From left: Mikey Lowe, Ross Blainey, and Luke Sanderson.

The whisky business isn’t what it used to be, and that’s no bad thing. With more and more experimentation happening in the category, we spoke to three ambassadors with William Grant & Sons — Balvenie’s Ross Blainey, Glenfiddich’s Luke Sanderson, and Monkey Shoulder’s Mikey Lowe — about their journey through the dram life.

What amazes you about whisky right now?

Ross Blainey: Whisky isn’t just what’s in our glass, it’s all those stories of the people behind the liquid. Those hard working people at the distillery spend years, decades or lifetimes putting their knowledge and passion into making it. Every set of hands that impact what we drink all have a story. That amazes me.

Luke Sanderson: It’s all that, and such a great platform to experiment and challenge the status quo. In a category full of rules and regulations, the expectation has been that we cannot step out of those parameters. It’s exciting to be part of a brand that is thinking differently and continuing to ask questions and innovate.

Mikey Lowe: Whisky’s cooler than Bob Marley in a bobsled and geekier than a Klingon spelling bee. Whisky had created obstacles to inviting new drinkers. It was seen as an old man’s drink. Perspective and not taking yourself too seriously push the category forward. 

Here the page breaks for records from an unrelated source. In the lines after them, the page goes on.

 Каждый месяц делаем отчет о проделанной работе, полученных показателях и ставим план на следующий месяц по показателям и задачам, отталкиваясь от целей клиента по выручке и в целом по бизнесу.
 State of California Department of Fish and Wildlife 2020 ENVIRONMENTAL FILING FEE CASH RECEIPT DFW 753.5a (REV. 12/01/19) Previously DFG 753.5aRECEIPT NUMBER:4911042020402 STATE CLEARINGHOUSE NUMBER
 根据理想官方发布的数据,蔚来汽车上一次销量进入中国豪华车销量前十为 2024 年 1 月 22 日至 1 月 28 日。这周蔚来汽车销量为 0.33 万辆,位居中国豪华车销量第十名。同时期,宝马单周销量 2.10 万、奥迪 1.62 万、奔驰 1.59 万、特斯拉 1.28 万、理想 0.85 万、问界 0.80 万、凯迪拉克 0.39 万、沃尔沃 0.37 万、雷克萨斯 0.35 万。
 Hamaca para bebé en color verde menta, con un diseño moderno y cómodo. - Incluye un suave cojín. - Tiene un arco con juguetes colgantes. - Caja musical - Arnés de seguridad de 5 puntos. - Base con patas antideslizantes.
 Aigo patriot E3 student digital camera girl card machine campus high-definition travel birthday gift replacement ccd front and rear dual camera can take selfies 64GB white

How did you end up in this role?

LS: By always searching for a solution or asking the question, why? I learnt so much at the Black Pearl by asking questions and finding a fresh way of approaching challenges. That’s how you have to work as a Brand Ambassador.

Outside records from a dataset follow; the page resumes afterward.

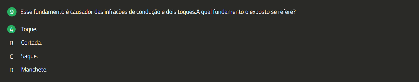 9 Esse fundamento é causador das infrações de condução e dois toques.A qual fundamento 0 exposto se refere? A Toque. B Cortada. Saque. D Manchete.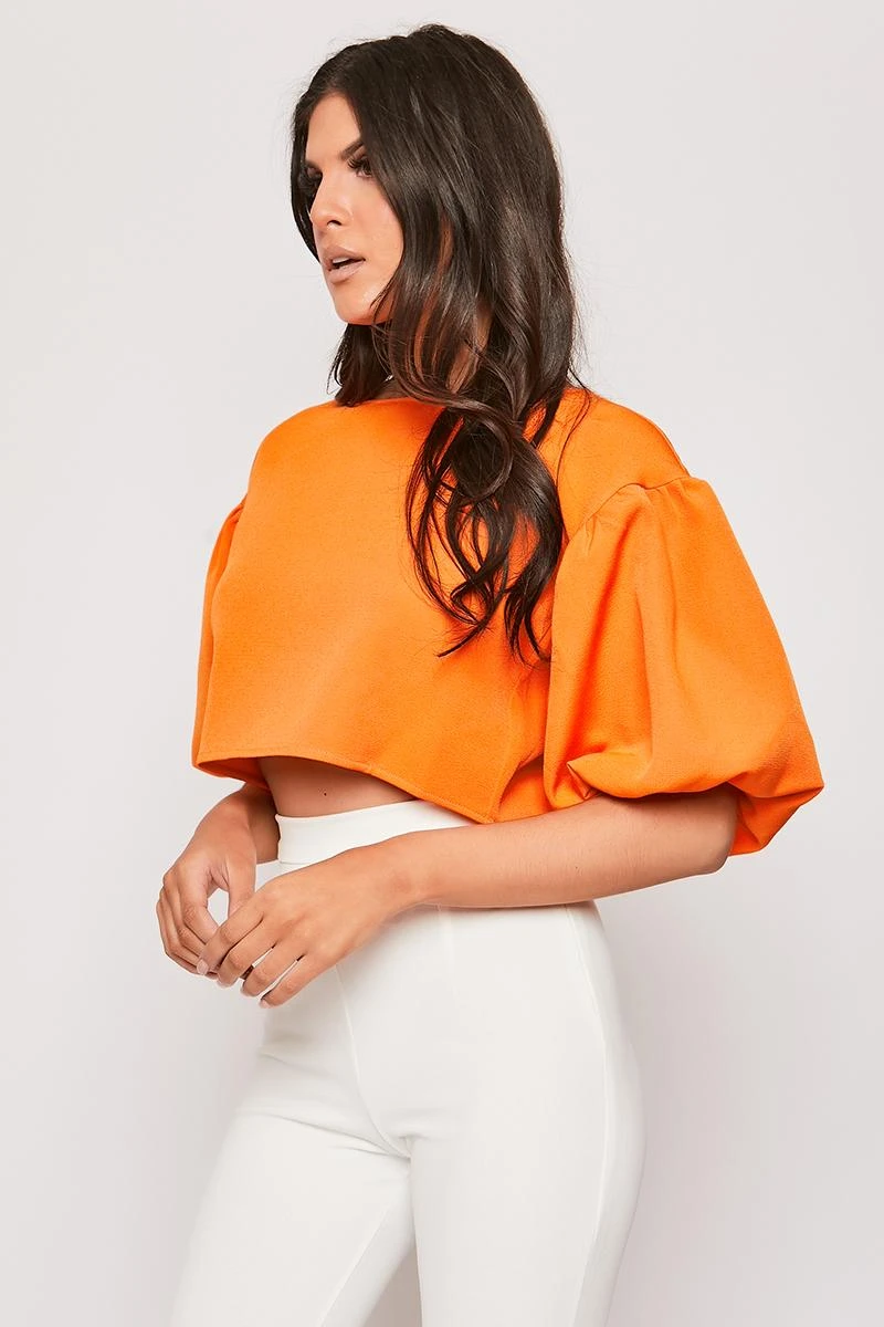Christina – Orange Puff Sleeve Top
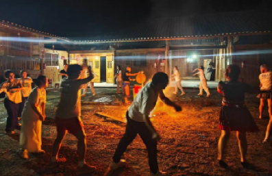 实践团队向非遗传承人顾昌福学习原始摆手舞,一招一式尽显土家文化厚重底蕴。当夜幕降临,篝火熊熊燃起,队员们与村民共跳摆手舞,古老韵律与现代欢笑交织,照亮了光明村的夜晚。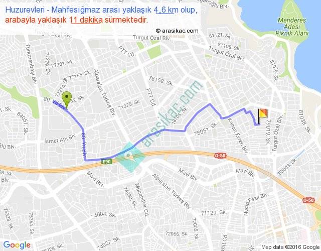 Huzurevleri - Mahfesığmaz arası yaklaşık olarak 90 km/h ile yukarıda belirtilen sürede olup, iki yerin kuş uçuşu uzaklığı (mesafesi) 3'dir. Yolculuk otobüsle 14 dakika sürmektedir.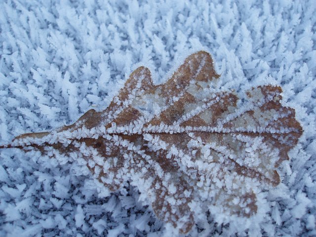 "frost covered brown fallen oak leaf on a bed of more frost cryatals"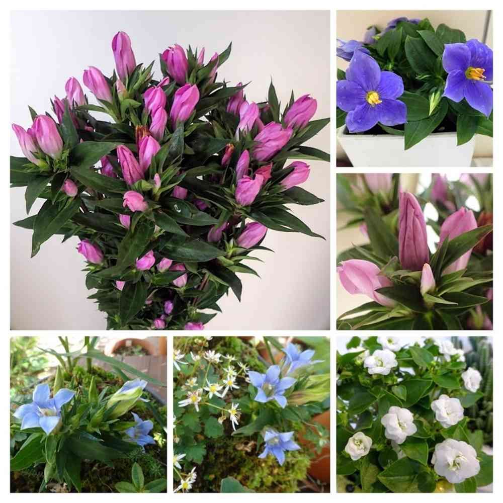 今日のお花、リンドウです。ピンクのは頂き物の切り花で、品種は不明です。ブルーのは、ササリンドウで、北海道から本州中部に自生する野草です。平成27年秋に「ヤチ坊主苔だるま君」に植えこんでそのままですが、さすがに水苔が劣化して、そろそろ限界かもしれません💦写真は28年のものです。エキザカムは、リンドウとはイメージが違いすぎますが、和名を紅姫リンドウといって、リンドウ科の植物なんですね。かすかに香りもあり、好きなお花なんですが、宿根させられませんorz(調べてみると、もともと短命な植物で、挿し芽で更新していくと長持ちさせられるそうです。←エキザカムのことです。)

RB: For me it was all about passion and hard work. I genuinely love this stuff. I think if you can communicate real passion that really helps with getting a role like this.

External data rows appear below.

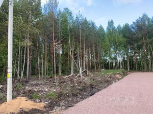 На всех участках произрастают сосны разной высоты, участок ровный и сухой. Сделаны дренажные канавы, отсыпана хорошая дорога с гранитной крошкой.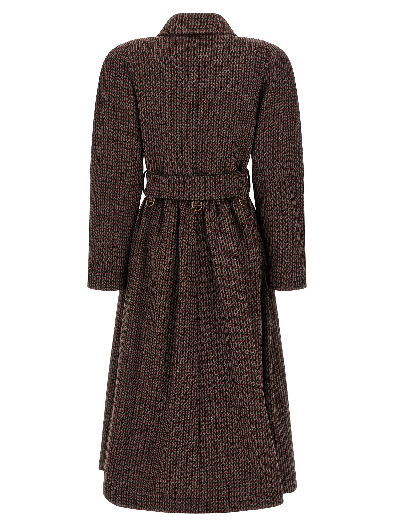 Pied-de-Poule, double-breasted riding wool coat with front button closure, shirt collar, pockets, padded shoulder, long sleeves with buttons on the cuffs, removable belt, viscose and cotton blend lining.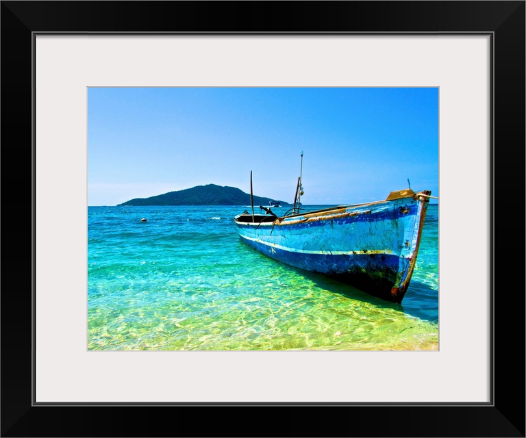 <p>A lone boat on the shore of Cayos Cochinos, Honduras.</p>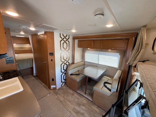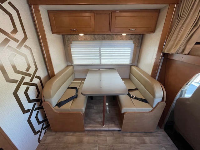 You will easily be able to cook up light meals and snacks while on the go in this Minnie Winnie kitchen featuring a refrigerator, pantry, three burner range, double sink, and counter area. There are also overhead cabinets for dishes and things. Once the meals are created enjoy dining at the slide out booth dinette that also features four sets of seat belts so everyone can remain secure while the motor home is moving. At night the dinette can easily be made into additional sleeping space for family or extra overnight guests.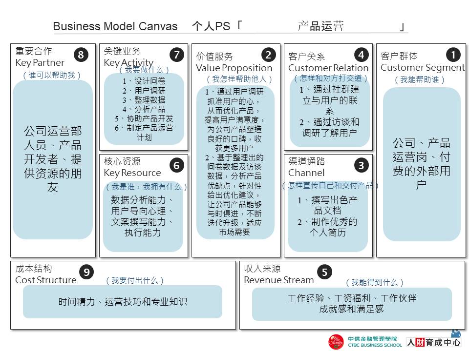 - [个人PS-商业模式画布中的业务]解释的是“我要做什么” 主要围绕目标岗位的JD动词展开说明,比如设计问卷、用户调研、整理数据、分析产品、协助产品开发、制定产品运营计划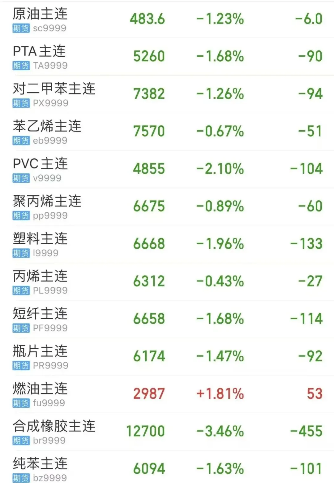 再看咱们最关心的塑料市场,截止周四收盘,PVC跌2.1%,塑料跌1.96%,短纤、PTA跌1.68%,瓶片跌1.47%,对二甲苯跌1.26%,原油跌1.23%,PP、丙烯、纯苯等均有不同程度跌幅。现货市场整体也是偏弱运行:
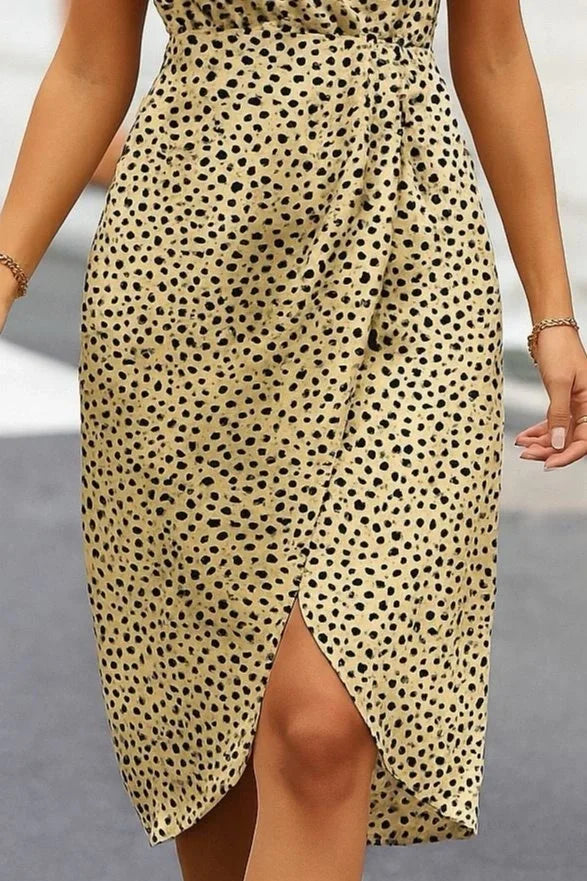 Kadın Sıfır Kol Kruvaze Yaka önden çapraz Kesim Detaylı Desenli Oysho Süprem Elbise

ML: I was simply too dumb for New York and too ugly for L.A. Also, timing… I was ready to take a step into this role, and the role presented itself at the right time.

What is it like being a brand ambassador?

RB: Once you’re in, it’s a lifestyle. You don’t really stop or have days off and that’s not a bad thing. The reward of helping people to love and understand the Scottish national spirit is what keeps me going.

LS: If it’s one thing, don’t underestimate the role. It’s not as easy as swapping the apron for a suit jacket, however it is a lot of fun. An ever changing landscape keeps you on your toes but the satisfaction of bringing a brand to life is the ducks! 

ML: BA work is like being Jack Kerouac with a credit card. Ever on the road. We’re always on and always hard to switch off. We survive by working as a team. And whisky, ever whisky.

Where would you like to take the category?

ML: I think I speak for all of us when I say that we need to challenge the conventional. Stick it to the rules. Consider the big guy in the Hawaiian shirt and make sure you’re having a whisky with that guy, because he’s there to have fun.

LS: Totally. There’s so much energy in this industry, no matter what your position there is chance to experiment. The category is so rich, and ripe for us to work creatively with each other. 

RB: Let’s take away that hesitance to try whisky and get people involved. It can look intimidating to some, but whisky is for everyone not just the experts. I think local distillers around the world are playing a huge part in this and I love it!

Three Brand Ambassadors, one category. Would you swap?

RB: I think we fit our brands pretty well — plus, I tried Mikey’s cowboy hat, and I looked like a desperate Bono. I heart David Stewart!

LS: No chance! I love the innovation aspect of Glenfiddich. I’m excited to keep experimenting with flavours and finishes.

ML: I’m not giving up animal print for anyone.